In Harper's Bazaar UK, Lucy Halfhead stated, "the songs all hit their emotional marks - whether rousing or heartbreaking - and propel the action along. It’s thrilling that The Spitfire Grill’s raft of great tunes has been uncovered for a UK audience." Genni Trickett of London Theatre 1 called the show "heart-warming, sincere, thought-provoking, and a jolly good story. Not to mention the original, toe-tapping tunes, which get into your head and refuse to be dislodged, no matter how hard you try." The British Theatre Guides Howard Loxton wrote of the score: "The songs are part of the storytelling smoothly integrated with a gentle folk influence and an almost operatic treatment in the way they colour in the narrative and elaborate phrases. From individual arias to a complex sextet involving all the characters except a silent outsider, they are beautifully crafted."
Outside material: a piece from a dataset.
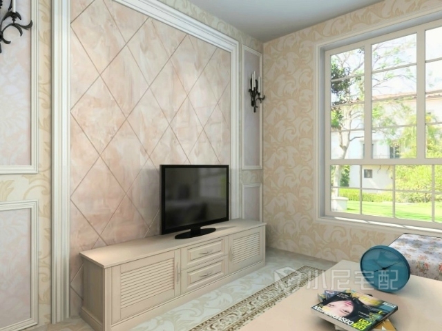 暖色的歐式背景墻,和整個(gè)空間融為一體。
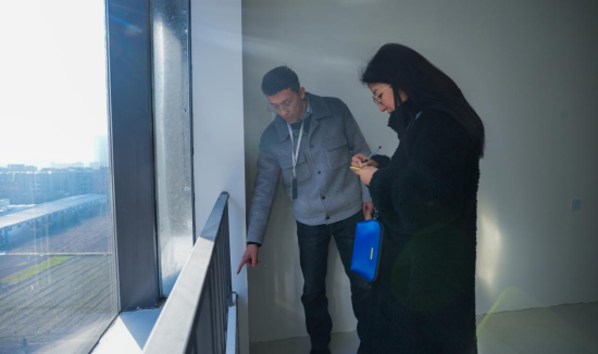 交付当日,专业验房团队全程陪同,置业顾问、验房工程师、物业工程师“三位一体”专属服务,对墙体、电气、门窗等每一项细节细致查验,精准记录业主需求,明确返修时限。这种“刀刃向内”的主动检视,正是经发置业作为国企的自觉担当。

==Awards and nominations==

- The New York/Off-Broadway Production received an Outer Critics Circle Award nomination for Best Off Broadway Musical.
- The New York/Off-Broadway Production received a Drama League Award nomination for Best Off Broadway Musical.
- The New York/Off-Broadway Production was nominated for two Drama Desk Awards: Outstanding Actress in a Musical (Garrett Long) and Outstanding Featured Actress in a Musical (Liz Callaway).
- The London production received Best New Production of a Musical (Fringe/Regions) in the Broadway World UK Awards.
- The Washington DC production received 2 Helen Hayes Award nominations.
- The Los Angeles production received a Dramalogue Award nomination for Best Musical.
- The Laguna production won the OC Award for Best Musical. Actor Misty Cotton (as Percy) received a nomination for Best Performance in a Musical.
- The Chicago production received 3 Joseph Jefferson Award nominations.
- The San Francisco production won the Bay Area Critics Circle Award for Best Musical.
- The Dallas production received 4 Leon Rabin Award nominations including Outstanding Production of a Musical, and won 2.
- The Florida production received 3 Carbonell Award nominations.
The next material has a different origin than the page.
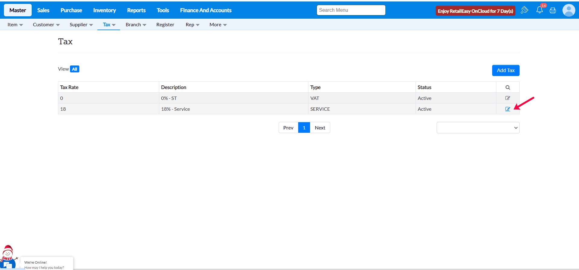 Edit the tax entry, update the Tax%, and click Update to apply the new rate.
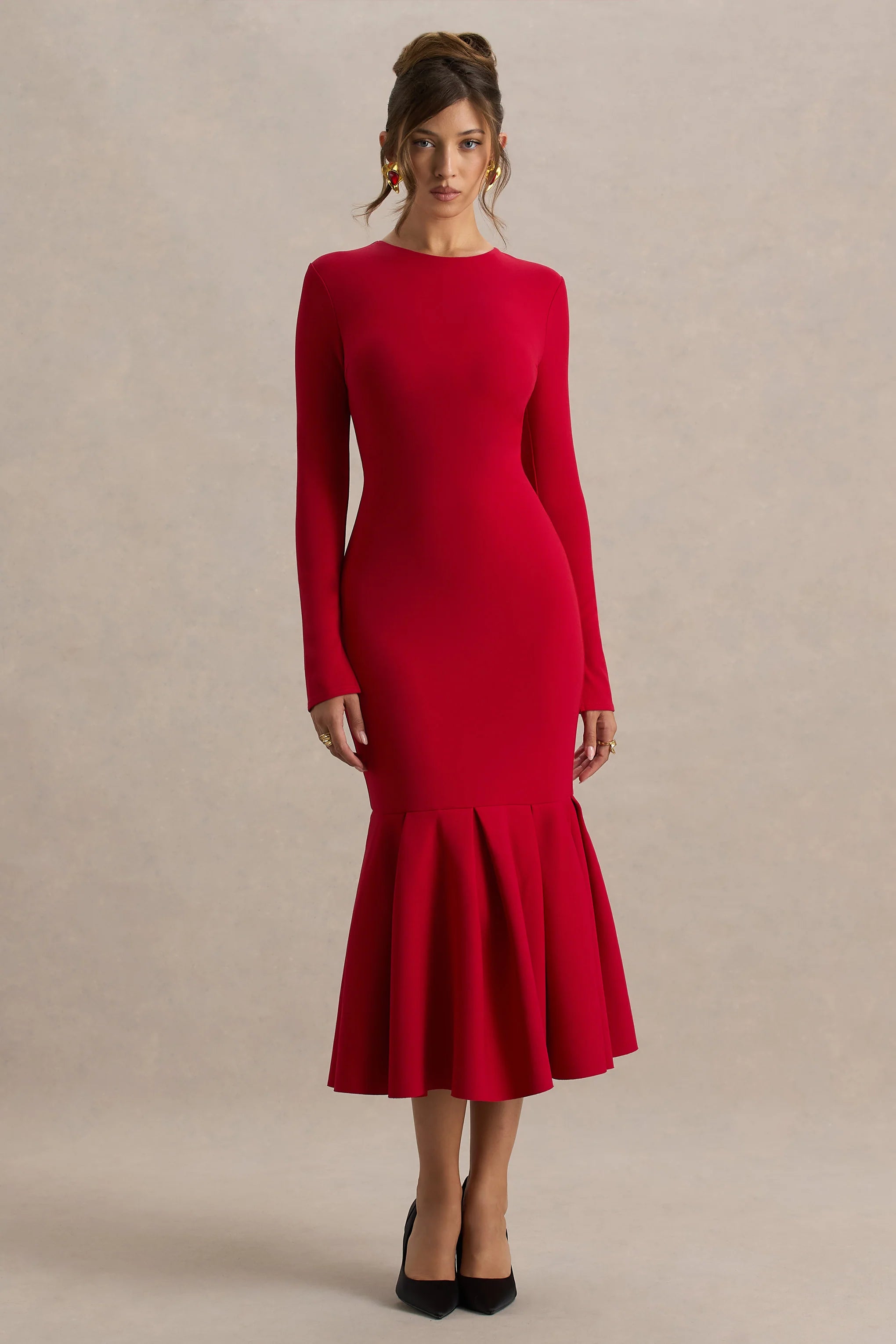 Turn heads in our striking Liberty maxi. Cut in a rich red hue of of premium scuba crepe, this gown is the epitome of modern elegance. This sleek silhouette features a classic high neckline and long sleeves for a polished look that is contrasted with the dramatic mermaid finish. Liberty is the perfect piece for black tie occasions that call for a show-stopping moment.

== Original cast recording ==

The off-Broadway cast album of The Spitfire Grill was produced by Playwrights Horizons in conjunction with the composer, and has been re-released as a digital download.

== In other media ==
The song "Shine" was featured on the VH1 reality series Off Pitch in 2013. "Shine" was performed by Teresa Fischer on her 2013 album Let It Go. In 2015, Liz Callaway included the song "When Hope Goes" on her career-spanning retrospective album The Essential Liz Callaway. Broadway actress Caitlin Kinnunen sang "The Colors of Paradise" with Spencer Glass on a 2020 segment of the BroadwayWorld web series It's the Day of the Show Y'all dedicated to The Spitfire Grill. The posthumously-released collection It Would Be Enough For Me (2002) features co-creator Fred Alley singing "Digging Stone" as well as the unused song "I Thought I Knew".